Warren Buffett is widely accepted as one of the greatest investors of our time.

His track record of growing his wealth is legendary. His humble, folksy ways have also endeared him to the investing masses.

It’s no secret that Buffett is extremely smart and has a photographic memory, qualities that have helped him to become one of the richest men on the planet.

But he did not become a great investor overnight.

When he first started out investing at a young age, he probably had the same amount of wealth as the average investor.

But, over time, it was his temperament and habits that allowed him to compound and grow his wealth exponentially.

As such, these traits are the ingredients that you need to become successful in investing.

A word of warning, though.

Although these characteristics may sound easy, or even obvious, they do take time and practice to achieve.

With that in mind, these are three aspects you need to know to become a more successful investor.


Patience may seem like a trivial quality to highlight, but I believe it is an underrated trait among investors.

Companies need time to grow and expand.

Investors need to have the patience to wait for the growth thesis to play out, and this may take years or even decades.

For companies that have demonstrated the ability to continue growing for an extended period, the financial rewards for investors can be enormous.

Take Nike (NYSE: NKE) for example.

Just ten years ago, its share price hovered around US$18. As its revenue and profits grew, its share price has climbed more than five-fold to US$100 today.

If an investor had been impatient and sold his shares at any point, he would have missed out on the huge gains the stock clocked up in the last decade.

Impatience has also led many investors to churn their portfolios through excessive buying and selling.

This undesirable behaviour not only racks up huge amounts of commission fees but also balloons into a huge opportunity cost as they miss out on long-term compounding.

Emotional control

It has been said that the two horsemen of the stock market are greed and fear.

These two emotions represent the extremes of human psychology when dealing with money.

Benjamin Graham, the father of value investing, remarked that the stock market resembled a manic-depressive person called Mister Market, who alternately swung between optimism and pessimism.

Graham’s characterisation is an apt way to describe what happens as investors get caught up in a flurry of emotions that dictate their buy and sell decisions.

However, to become a successful investor, we need to keep our impulses in check.

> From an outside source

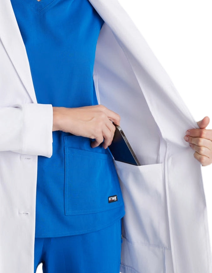 Experience the perfect blend of professional style and practicality with the Barco Women's Merit 30" 3-Pocket Lab Coat. Designed with a modern fit, a classic notch lapel collar, and a 3-button front closure, this lab coat offers both elegance and functionality. It features three handy pockets—two front patch pockets and a hidden interior slip pocket with pen slots—making it ideal for everyday use.

Greed may lead you to chase rising share prices and abandon all caution to the wind, resulting in everyone playing the “greater fool” game.

Fear, on the other hand, may cause you to sell your shares in a panic when unexpected bad news hits, even though the underlying business may remain solid.

Both actions can be detrimental to your financial well-being.

Ability to learn from mistakes

The third trait is the ability to recognise your own mistakes and learn from them.

No investor has a perfect track record (yes, not even Buffett!).

But the thing that sets Buffett apart is his willingness to admit to his mistakes and then learn valuable lessons from them.

This simple but important trait makes him a better investor over time.

The good news is that you can mimic Buffett by keeping an investment journal to help you chronicle these mistakes and act as a reference guide for your next investment decision.

The problem with many investors is that their ego gets in the way of making good investment decisions.

Pride and hubris can blind many investors to the brutal truth of their mistakes, making them hold on to losers for far longer than they should.

Holding on to lousy investments ends up being a double tragedy.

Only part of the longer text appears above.